Mathematica is able to compute these limits, the result is in terms of a partial derivative of the regularized hypergeometric function $_2\!\tilde{F}_1$. For $k=2$ I find
$$\lim_{k\rightarrow 2}x^{-k}I_k(x)=\frac{11}{3}-\gamma_{\rm{Euler}}+\ln x-\frac{1}{6x^3}\left(_2\!\tilde{F}_1^{(0,0,1,0)}(-3,1,-2;x)+\,_2\tilde{F}_1^{(1,0,0,0)}(-3,1,-2;x)\right).$$ The superscript notation is Mathematica's way of indicating which variable to differentiate. As a test, for $x=1/2$ the right-hand-side evaluates to $-4.833333\cdots=-29/6$, which agrees with a numerical evaluation of $\lim_{k\rightarrow 2}[\beta_x( -1 - k, 0) + H_{-2 - k}]$.

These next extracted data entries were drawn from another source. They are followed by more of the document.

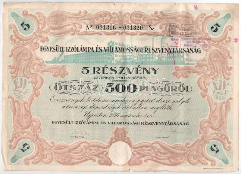 Leírás: Újpest 1930. "Egyesült Izzólámpa és Villamossági Részvénytársaság" 10 részvénye egyben, összesen 1000P-ről, szárazpecséttel, szelvényekkel + 5 részvénye egyben, összesen 500P-ről, szárazpecséttel, szelvényekkel (2x) sorszámkövetők T:F kisebb szakadás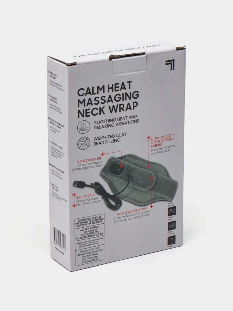 Вибромассажер для шеи с подогревом Calm Heat MassageМассажер для шеи с подогревом Calm heat massaging neck wrap - представляет собой устройство, которое позволит провести приятную массажную процедуру и снять боли, усталость в районе шеи. Есть функция подогрева, которая сделает процесс воздействия на зону массажа более полезной и комфортной. Разные рабочие режимы дадут возможность выбрать именно тот, который требуется пользователю для достижения нужного эффекта от применения массажера. Характеристики: Тип товара: массажер. Подогрев: есть. Зона применения: шея. Тип массажа: вибрационный, расслабляющий. Количество режимов: 3.Мощность массажера: 5В. Материал внешнего исполнения: мягкий текстиль.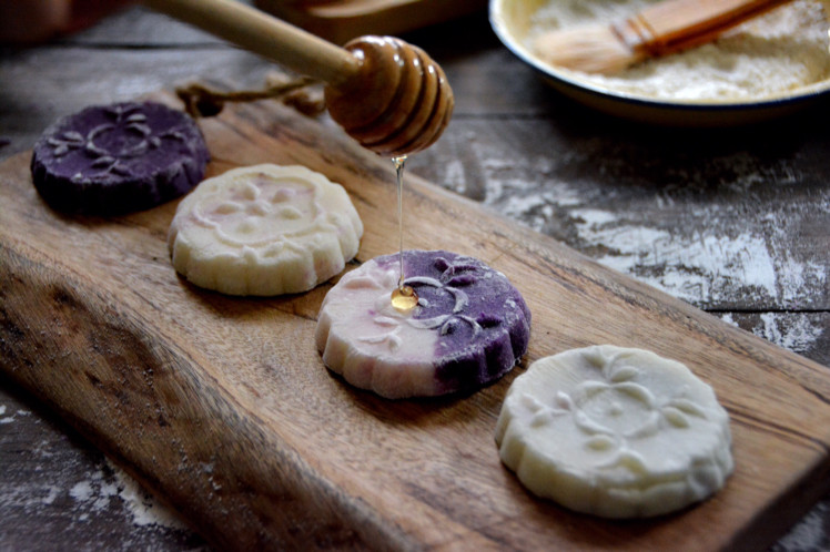 8:模具内先撒上炒熟的面粉,再将山药紫薯团放入,压出即可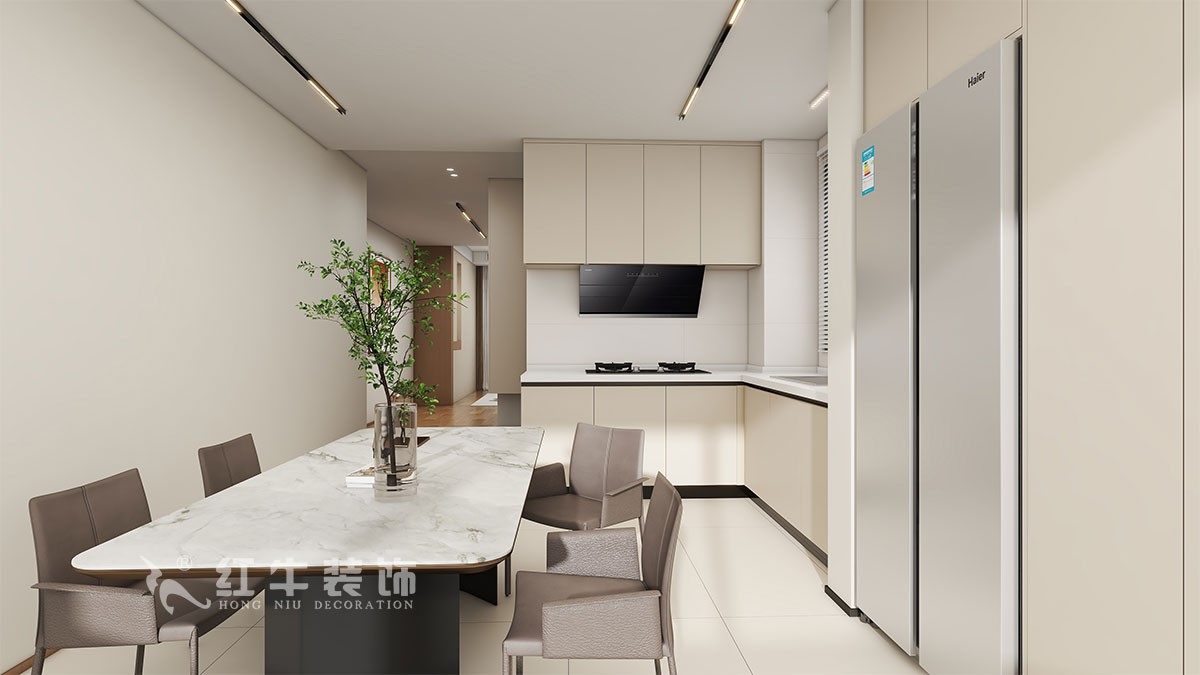 一家三口居住,主要考慮小孩上學(xué)住的,戶型不是很規(guī)整,過(guò)道狹長(zhǎng),進(jìn)門視覺(jué)擁堵。主臥和次臥空間大小進(jìn)行了重新規(guī)劃,原先的餐廳區(qū)域做了開(kāi)放式書(shū)房。廚房、北邊臥室、北陽(yáng)臺(tái)考慮光線不好,全部拆掉,連著廚房,做了廚房餐廳一體化的設(shè)計(jì),使整個(gè)空間利用率更高。不僅美觀,還兼顧了功能性和實(shí)用性,滿足了業(yè)主的儲(chǔ)物的需求。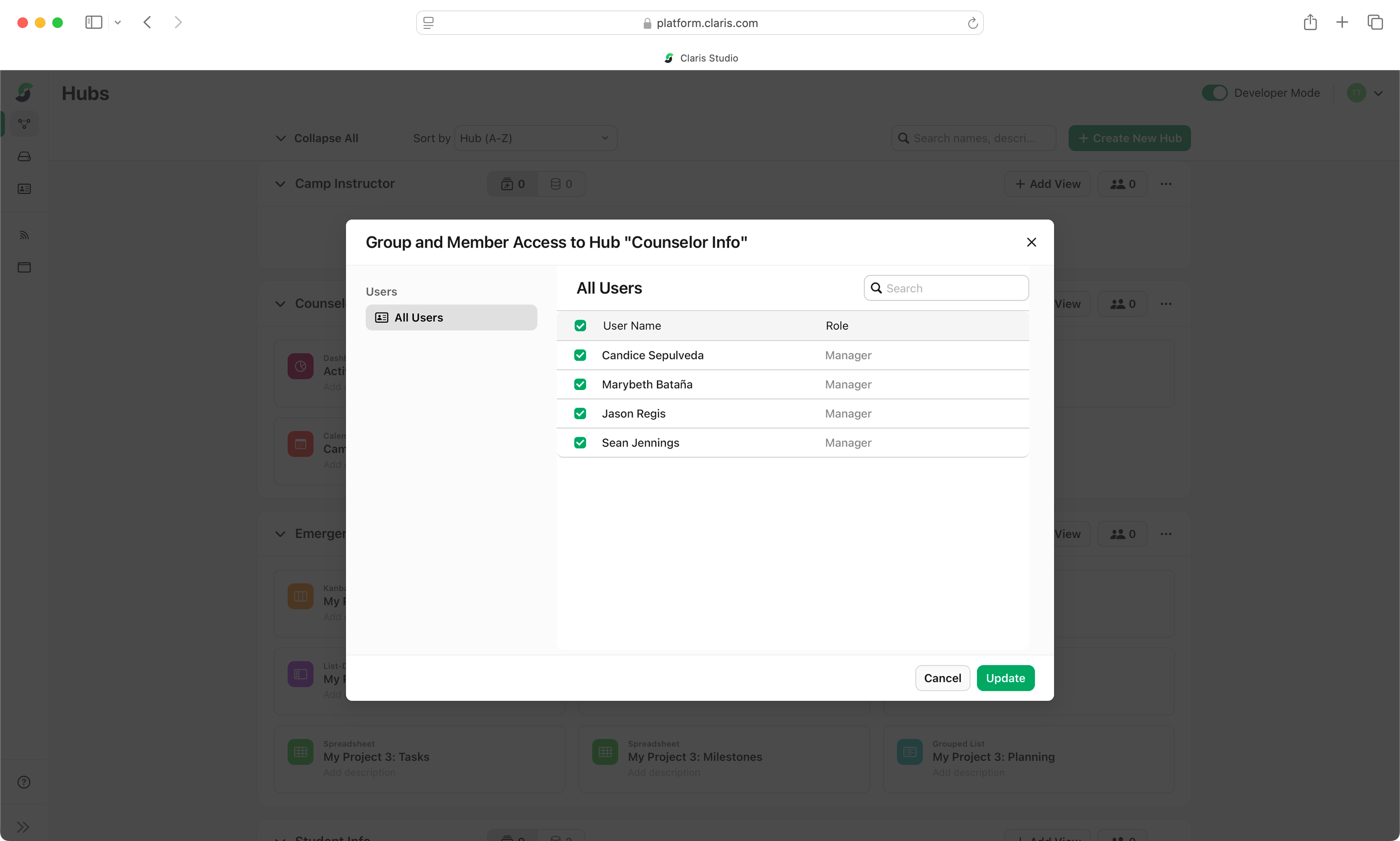 Control who can access specific hubs, views, and records through flexible, role-based permissions.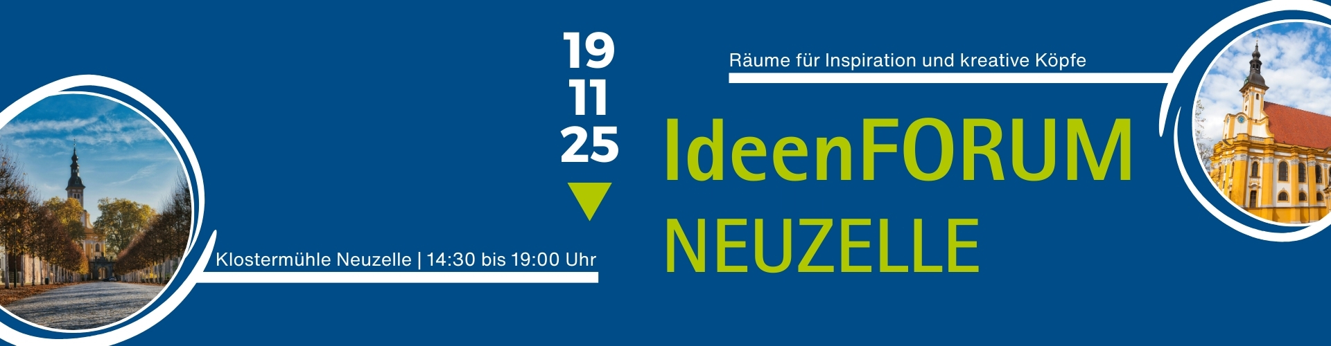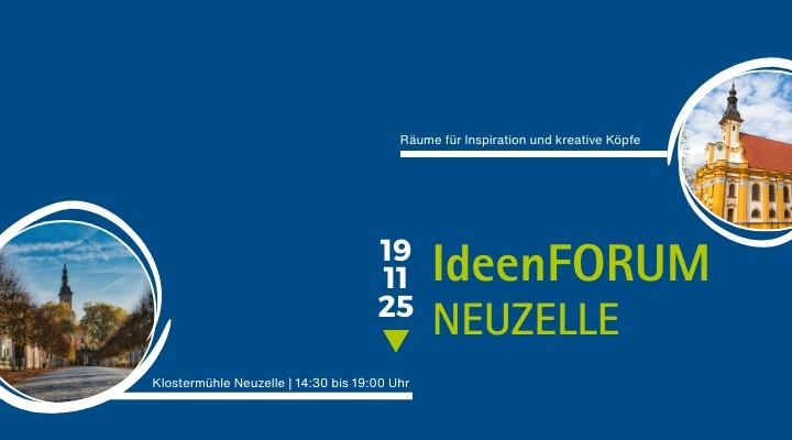 Erleben Sie beim IdeenForum Neuzelle am 19. November 2025, wie regionale Ideen und Unternehmergeist den Ortskern neu beleben können. In Rundgängen, Impulsen & Erfolgsstorys und im offenen IdeenForum haben Sie die Chance, Ihr eigenes Konzept vorzustellen, direktes Feedback von einer Expertenjury zu erhalten und wertvolle Kontakte zu knüpfen. Nutzen Sie die Gelegenheit, die Klostermühle Neuzelle als zukünftigen Standort kennenzulernen und gemeinsam Perspektiven für ein lebendiges Neuzelle zu entwickeln.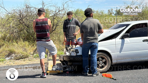En cuanto al automóvil Nissan tiene un aparatoso golpe en toda la parte frontal, mismo que desprendió los faros, el cofre, la defensa y algunos otros elementos internos del motor.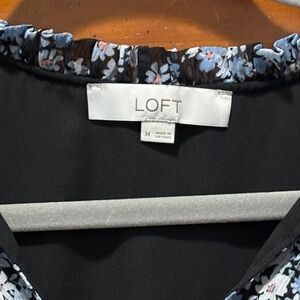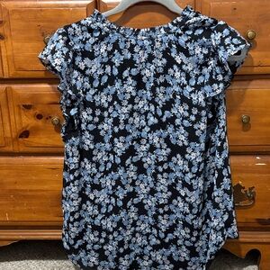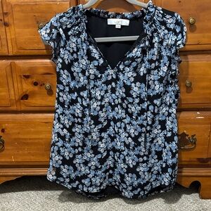 Chic blouse with a vibrant floral design. Features a black base with blue flowers. Perfect for versatile styling.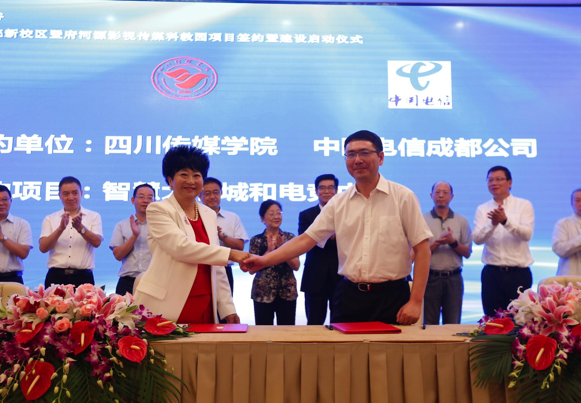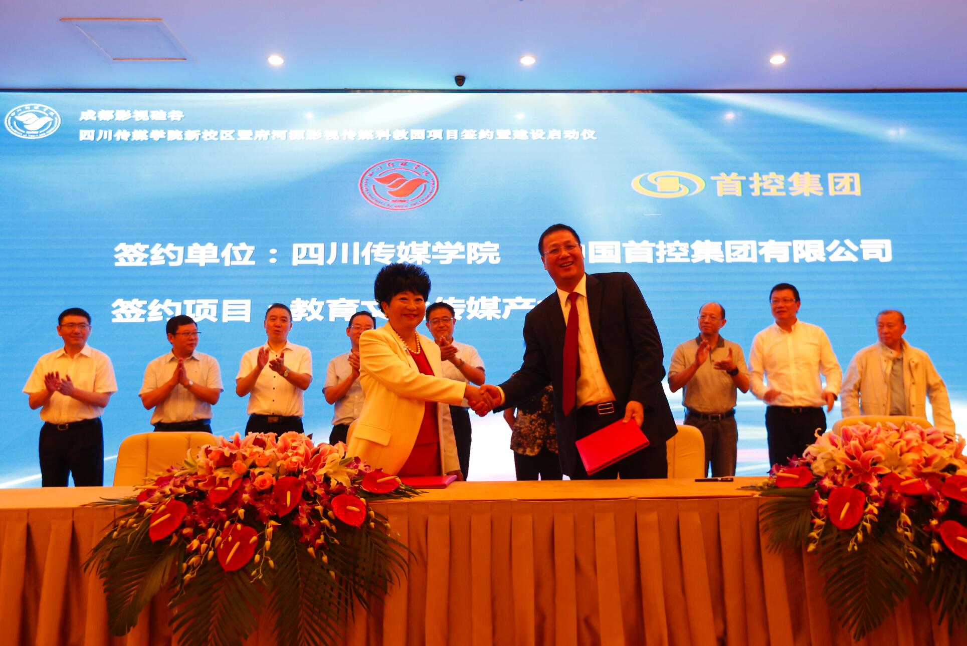 启动和奠基仪式结束后,在四川传媒学院多功能厅,举行了隆重的大型“影视传媒文创产业项目”校企合作签约仪式。签字仪式举行前,四川传媒学院董事长张书玉代表学校发表致辞,向莅临现场的省、市、区领导和企业家们致以热诚的感谢,同时希望彼此在今后的合作中取得更大的成绩。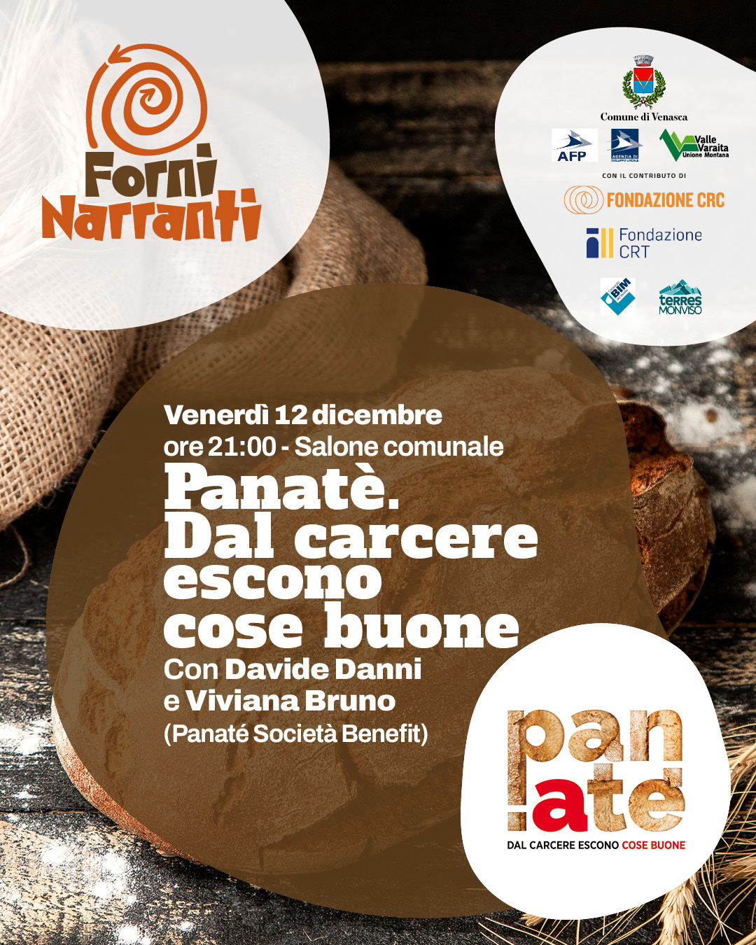 Forni Narranti è una manifestazione culturale originale e alla sua prima edizione, nata su un substrato identitario per Venasca: quello della tradizione della panificazione. “Forni Narranti” nasce non solo come festival culturale, ma come momento di riscoperta delle radici locali e di costruzione di nuovi ponti tra passato e presente e tra diversi luoghi, trasformando Venasca in un laboratorio di memoria viva e creatività condivisa. Fino al 21 dicembre, la rassegna porta in paese un ricco calendario di eventi, tutti a ingresso libero, dedicati alle storie del pane, inteso non solo come alimento ma come simbolo di cultura, condivisione e memoria collettiva.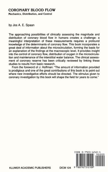 1 Basic coronary physiology.- 1.1 Introduction.- 1.1.1 Heart function and coronary flow.- 1.1.2 Control and extravascular resistance.- 1.1.3 Distribution of supply and demand.- 1.1.4 Mechanics, control and distribution in the coronary circulation.- 1.2 Coronary flow mechanics.- 1.2.1 Inhibition of coronary arterial flow during systole.- 1.2.2 Retrograde coronary arterial flow, venous flow and in-tramyocardial compliance.- 1.3 Regulation of coronary flow.- 1.3.1 Steady local control of coronary flow.- 1.3.2 How to define coronary tone?.- 1.3.3 Rate of adaptation of the coronary circulation to step changes in heart rate.- 1.3.4 Effect of perfusion pressure step.- 1.3.5 Reactive hyperemia.- 1.3.6 Mechanisms of coronary flow control.- 1.4 Heterogeneity in myocardial perfusion and oxygen supply.- 1.4.1 Distribution of flow from endocardium to epicardium.- 1.4.2 Heterogeneity induced by the arterial tree.- 1.4.3 Heterogeneity of oxygen supply/demand ratio.- 1.5 Relation between mechanics, control and distribution of coronary flow.- 1.6 Summary.- References.- 2 Structure and function of the coronary arterial tree.- 2.1 Basic anatomy.- 2.2 Collaterals.- 2.3 Structure of the coronary arterial tree.- 2.3.1 Ratios between diameters of mother and daughter branches.- 2.3.2 Growth of arterial cross-sectional area.- 2.3.3 Length distribution in the arterial tree.- 2.3.4 Arterial density applying symmetrical branching networks..- 2.4 Data on filling volume of the coronary arterial tree.- 2.5 Pressure distribution in the coronary arterial tree.- 2.6 Symmetrical, dichotomous branching network model.- 2.6.1 Definition of model structure.- 2.6.2 Prediction of volume.- 2.6.3 Prediction of pressure.- 2.7 Nonsymmetrical dichotomous branching network analysis.- 2.7.1 Strahler ordering.- 2.7.2Fractal models.- 2.8 Discussion on structure and function of the arterial tree.- 2.9 Summary.- References.- 3 Structure and perfusion of the capillary bed.- 3.1 Structure of capillary bed.- 3.2 Capillary density and volume.- 3.3 Mechanical properties.- 3.4 Red cells in the capillary bed.- 3.4.1 Velocities.- 3.4.2 Red cell distribution at bifurcations.- 3.4.3 Hematocrit.- 3.5 Model of parallel and homogeneous perfused capillary bed.- 3.6 A model for the heterogeneous perfusion of the capillary bed.- 3.7 Capillary recruitment in the heart.- 3.8 Summary.- References.- 4 Structure and function of coronary venous system.- 4.1 Basic anatomy.- 4.2 Distribution of coronary venous flow.- 4.3 Flow and pressure waves in the epicardial veins.- 4.4 Waterfall behavior of coronary epicardial veins.- 4.5 Coronary venous compliance.- 4.6 Summary.- References.- 5 Linear system analysis applied to the coronary circulation.- 5.1 Definitions.- 5.1.1 System.- 5.1.2 Linearity.- 5.1.3 Time and frequency domains.- 5.1.4 Models.- 5.1.5 Load line analysis.- 5.2 Linear intramyocardial pump model.- 5.2.1 Interpretation of the coronary load lines.- 5.2.2 Intramyocardial pump and the right coronary artery.- 5.2.3 Shortcomings of the linear intramyocardial pump model.- 5.3 Load line analysis of collateral flow.- 5.4 Input impedance.- 5.4.1 Input impedance during long diastoles.- 5.4.2 Coronary impulse response in diastole and systole.- 5.4.3 Model interpretation of coronary input impedance.- 5.5 Nonlinear physical elements and linear system analysis.- 5.6 Discussions of the linear models of coronary circulation.- 5.7 Summary.- References.- 6 Interaction between contraction and coronary flow: Theory.- 6.1 Systolic extravascular resistance model.- 6.1.1 Basic behavior of extravascular resistance model.-6.1.2 Discussion of extravascular resistance model.- 6.2 The waterfall model.- 6.2.1 Basic model behavior of the waterfall model.- 6.3 Nonlinear intramyocardial pump model.- 6.3.1 Pressure dependency of compartmental resistance.- 6.3.2 Steady state arterial pressure-flow relations during arrest.- 6.3.3 Solutions for the subendocardial model layer of the contracting myocardium.- 6.3.4 Compartmental volume variations.- 6.3.5 Flow simulations.- 6.4 Variable elastance model.- 6.4.1 Experimental support.- 6.4.2 Variable elastance concept.- 6.4.3 A mathematical intramyocardial pump model with time varying elastance as pump generator.- 6.5 Discussion.- 6.6 Summary.- References.- 7 Interaction between contraction and coronary flow: Experiment.- 7.1 Parallel shift of pressure-flow relations.- 7.2 Pressure dependency of coronary resistance.- 7.3 Effect of heart rate on microsphere distribution.- 7.4 Contractility and microsphere distribution.- 7.5 Intramyocardial compliance.- 7.6 Pulsations in coronary pressure at constant flow perfusion.- 7.7 Diastolic pressure-flow lines.- 7.8 Discussion.- 7.9 Summary.- References.- 8 Arteriolar mechanics and control of flow.- 8.1 Morphology of the arteriolar wall.- 8.2 Myogenic response.- 8.3 Arteriolar vasomotion.- 8.4 Strain and stress in the arteriolar wall.- 8.5 Myogenic responses in relation to autoregulation of flow.- 8.5.1 Relation between pressure and resistance with and without myogenic tone.- 8.5.2 Width of the autoregulatory plateau.- 8.5.3 The optimal strength of myogenic tone.- 8.6 Compliance of arterioles.- 8.6.1 Effect of tone on static compliance.- 8.6.2 Quasi-static distensibility of dilated coronary arteries.- 8.6.3 Frequency dependency of distensibility of active and passive small coronary arteries.- 8.7 Discussion.- 8.7.1Vasodilation.- 8.7.2 Arterioles and regulation of flow.- 8.8 Summary.- References.- 9 Static and dynamic analysis of local control of coronary flow.- 9.1 Introduction.- 9.2 Steady state behavior of flow control.- 9.3 Characteristics of dynamic coronary flow control.- 9.3.1 Rate of change in flow adaptation.- 9.3.2 Rate of change of autoregulation.- 9.3.3 Summary of t50 values.- 9.4 Rate of change in myocardial oxygen Consumption.- 9.4.1 Model for the correction of changing oxygen buffers.- 9.4.2 Transients in oxygen consumption.- 9.5 Oxygen model of coronary flow control.- 9.5.1 Model definition 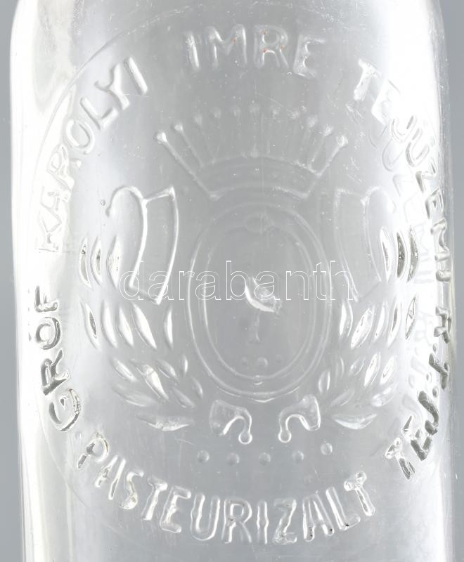 Leírás: gróf Károlyi Imre tejüzem rt. dombornyomott üveg, kopásnyomokkal. 20 cm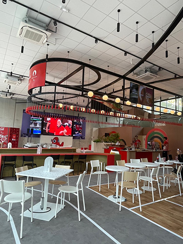 ▲スポンサー企業のドリンクが飲み放題だってたりゲームをしたりくつろいだりする部屋も。 選手村にはパン屋も設置されていて、焼きたてのパンはいつも争奪戦ですぐ売り切れるそう!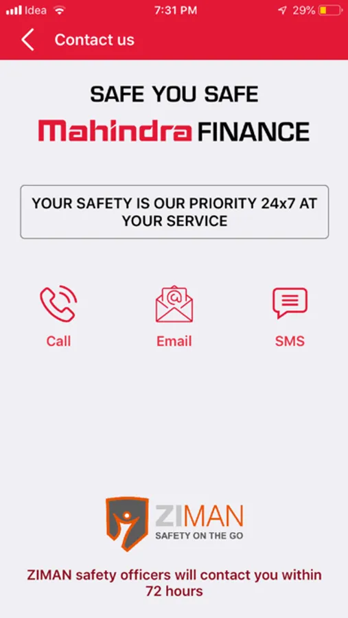 ZIMAN Mahindra Finance a smart AI (Artificial Intelligence) based solution, transforming safety through technology to support company compliances, policies and safety parameters for Corporate Safety), “ZIMAN” becomes your virtual protector that converts your mobile phone to a SAFETY HOMING - DEVICE providing 24×7 SOS Emergency Response Services with a backend customized operational software to help companies analyze and create efficient RCA- Root cause analyses report supporting a safety work environment for their employees.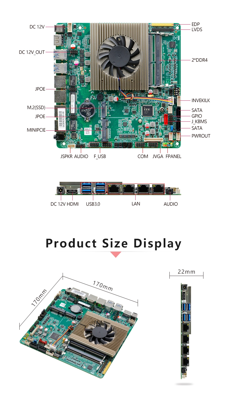 No. | Model | Processor | Frequency | Memory | VGA | HDMI | LVDS | EDP | LAN | USB | COM | RS485/422 | Power |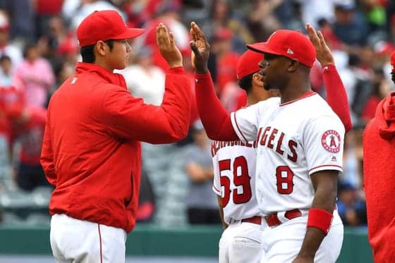 エンゼルス・大谷翔平(左)とジャスティン・アップトン【写真:Getty Images】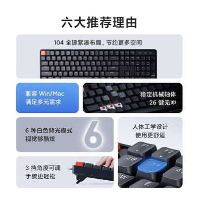 小米有线机械键盘红轴 104全键紧凑布局设计 兼容WidowsmacOS双系统 26键无冲 游戏竞技 键盘到手价格149.0元。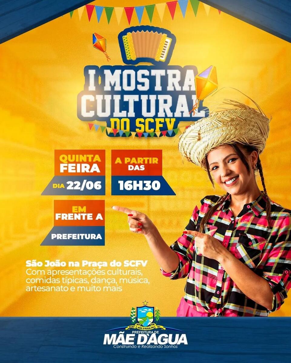 Em ritmo de São João, a Secretaria Municipal de Assistência Social de Mãe d’Água realiza nesta quinta-feira, dia 22 de junho, a I Mostra Cultural do SCFV (Serviço de Convivência e Fortalecimento de Vínculos). O evento tem início previsto para as 16h30min, no pátio em frente a Prefeitura Municipal.

The corresponding formula for integer $k\geq 2$ is $$\lim_{n\rightarrow k}x^{-n}I_n(x)=c_k-\gamma_{\rm{Euler}}+\ln x-\frac{1}{(k+1)!x^{k+1}}\left(_2\!\tilde{F}_1^{(0,0,1,0)}(-k-1,1,-k;x)+\,_2\tilde{F}_1^{(1,0,0,0)}(-k-1,1,-k;x)\right).$$ The fraction $c_k$ is twice the constant term in an expansion of $H_{-2-q}$ around $q=k$. I don't have a closed-form expression for $c_k$, the first few values are $11/3, 25/6, 137/30, 49/10, 363/70$, for $k=2,3,4,5,6$.